───── RAW DATA ─────

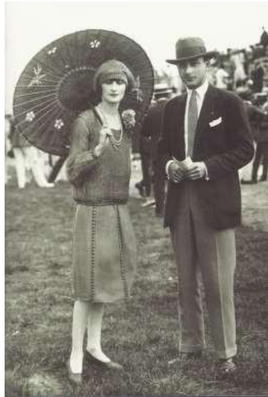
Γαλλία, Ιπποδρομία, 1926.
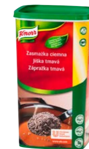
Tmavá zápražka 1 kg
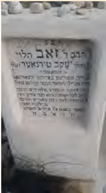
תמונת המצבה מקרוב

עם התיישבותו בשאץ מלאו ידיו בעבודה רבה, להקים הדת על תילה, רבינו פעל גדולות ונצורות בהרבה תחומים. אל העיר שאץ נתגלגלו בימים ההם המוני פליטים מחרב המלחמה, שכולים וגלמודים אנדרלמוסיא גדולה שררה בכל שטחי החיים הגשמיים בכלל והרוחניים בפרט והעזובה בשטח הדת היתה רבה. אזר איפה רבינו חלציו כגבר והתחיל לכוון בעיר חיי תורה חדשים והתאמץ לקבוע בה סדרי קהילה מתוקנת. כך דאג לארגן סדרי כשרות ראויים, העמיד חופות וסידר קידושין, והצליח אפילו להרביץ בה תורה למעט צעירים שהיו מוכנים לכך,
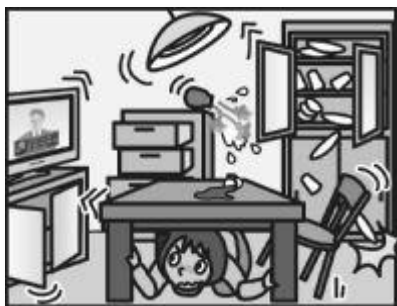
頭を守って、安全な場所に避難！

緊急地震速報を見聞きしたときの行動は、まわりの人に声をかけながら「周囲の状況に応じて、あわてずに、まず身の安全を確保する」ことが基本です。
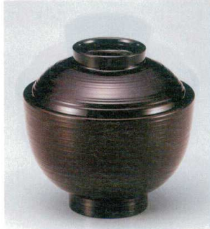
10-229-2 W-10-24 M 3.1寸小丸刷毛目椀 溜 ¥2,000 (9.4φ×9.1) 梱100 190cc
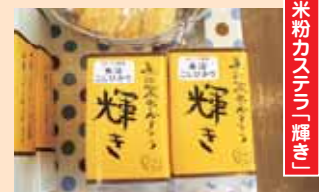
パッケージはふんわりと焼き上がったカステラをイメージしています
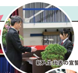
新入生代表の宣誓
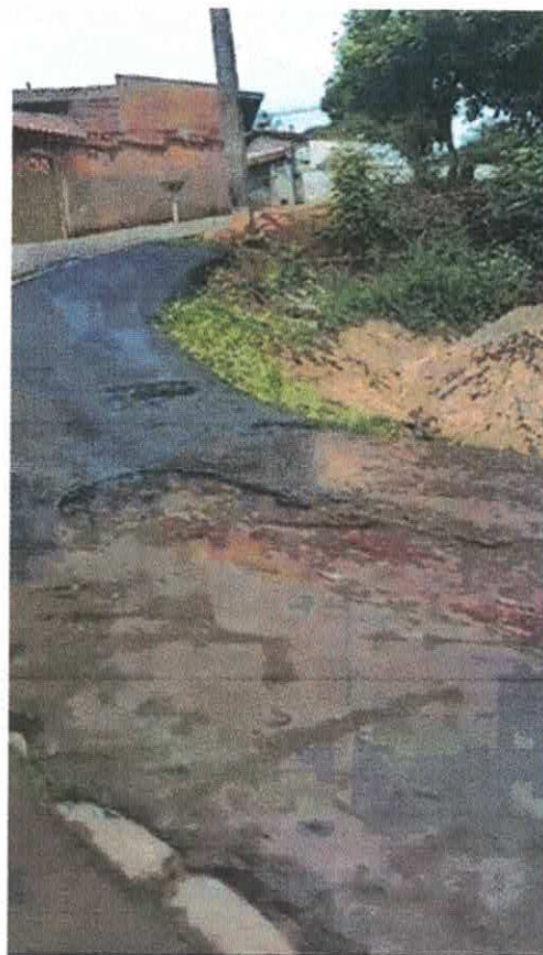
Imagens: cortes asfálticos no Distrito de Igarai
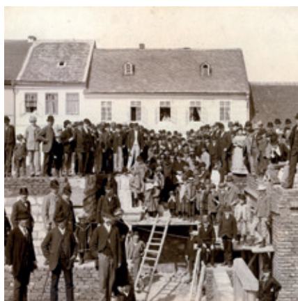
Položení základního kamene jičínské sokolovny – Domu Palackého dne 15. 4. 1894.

─────
───── RAW DATA ─────

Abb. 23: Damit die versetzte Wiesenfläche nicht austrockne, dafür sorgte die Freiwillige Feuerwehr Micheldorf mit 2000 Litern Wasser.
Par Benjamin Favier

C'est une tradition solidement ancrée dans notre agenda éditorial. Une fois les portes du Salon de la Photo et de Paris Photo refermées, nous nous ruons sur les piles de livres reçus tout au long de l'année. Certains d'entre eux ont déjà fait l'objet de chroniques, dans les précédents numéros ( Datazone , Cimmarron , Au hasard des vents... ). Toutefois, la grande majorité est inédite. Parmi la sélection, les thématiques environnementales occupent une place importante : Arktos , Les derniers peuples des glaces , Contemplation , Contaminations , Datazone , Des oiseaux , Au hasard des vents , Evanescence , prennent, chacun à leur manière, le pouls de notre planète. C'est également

─────

**TASK GOAL**
Your answer should be the exact lines above from the one containing "Imagens: cortes asfálticos" through the one containing "Položení základního kamene", with both end lines kept and the pictures removed, please.

**TASK ANSWER**
Imagens: cortes asfálticos no Distrito de Igarai
Položení základního kamene jičínské sokolovny – Domu Palackého dne 15. 4. 1894.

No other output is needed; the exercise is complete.